**** DATA SEGMENT ****

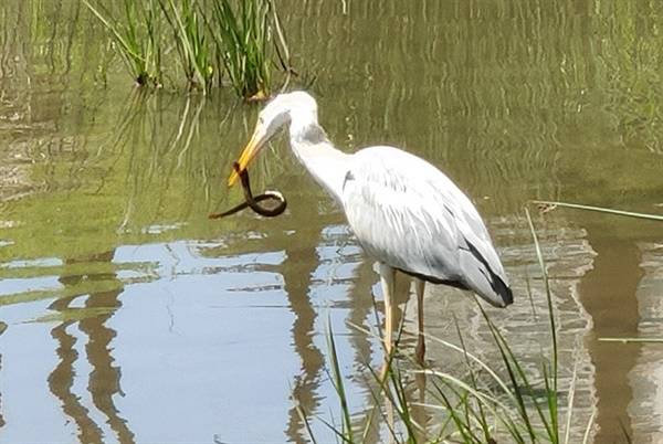 | ▲ 지난 6월경 왜가리로 보이는 새가 민물장어로 보이는 물고기를 잡아서 삼키기 직전의 모습입니다. |
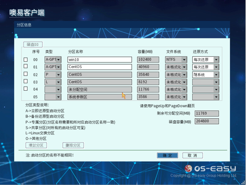 (1)在安装开始前,先进入oss底层选单界面,按“F10”-“分区管理”中新增多个分区给centos使用,划分一个A分区,一个P分区,一个L分区.A分区为centos的/分区,P为home分区,L为swap分区.P和L分区不是强制要求,根据需求创建和分配大小。
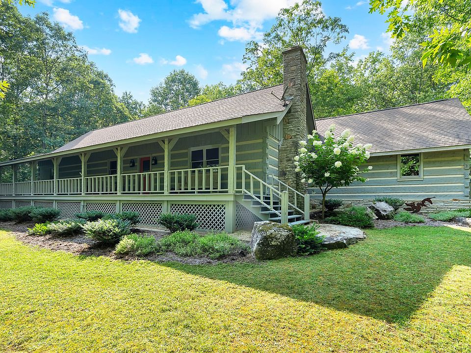 This charming 3-bedroom, 3-bath log cabin sits on a 5 acre beautifully maintained wooded lot in the coveted Clifftops neighborhood. Featuring gorgeous hardwood floors, abundant storage, and a dedicated office with built ins, this home blends rustic character with modern comfort.
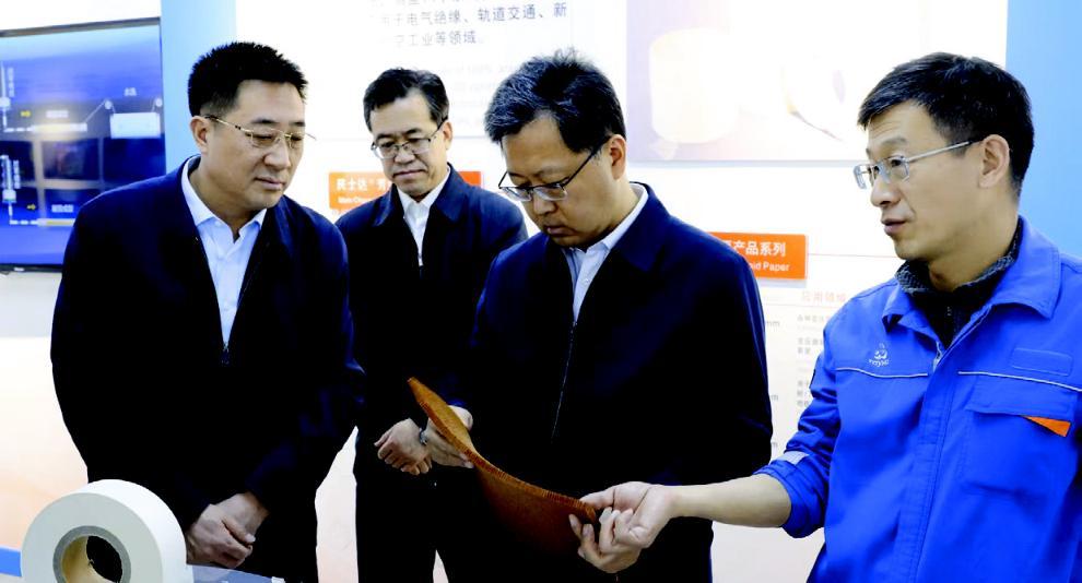 国家税务总局宁夏回族自治区税务局党委书记、局长孙群(右二)在宁夏宁东能源化工基地企业调研留抵退税政策落实情况。

****

Leave the pictures out and please restate exactly the lines running from the start of the material through the one with "(1)在安装开始前,先进入o".

§ WORKED SOLUTION:
 | ▲ 지난 6월경 왜가리로 보이는 새가 민물장어로 보이는 물고기를 잡아서 삼키기 직전의 모습입니다. |
 (1)在安装开始前,先进入oss底层选单界面,按“F10”-“分区管理”中新增多个分区给centos使用,划分一个A分区,一个P分区,一个L分区.A分区为centos的/分区,P为home分区,L为swap分区.P和L分区不是强制要求,根据需求创建和分配大小。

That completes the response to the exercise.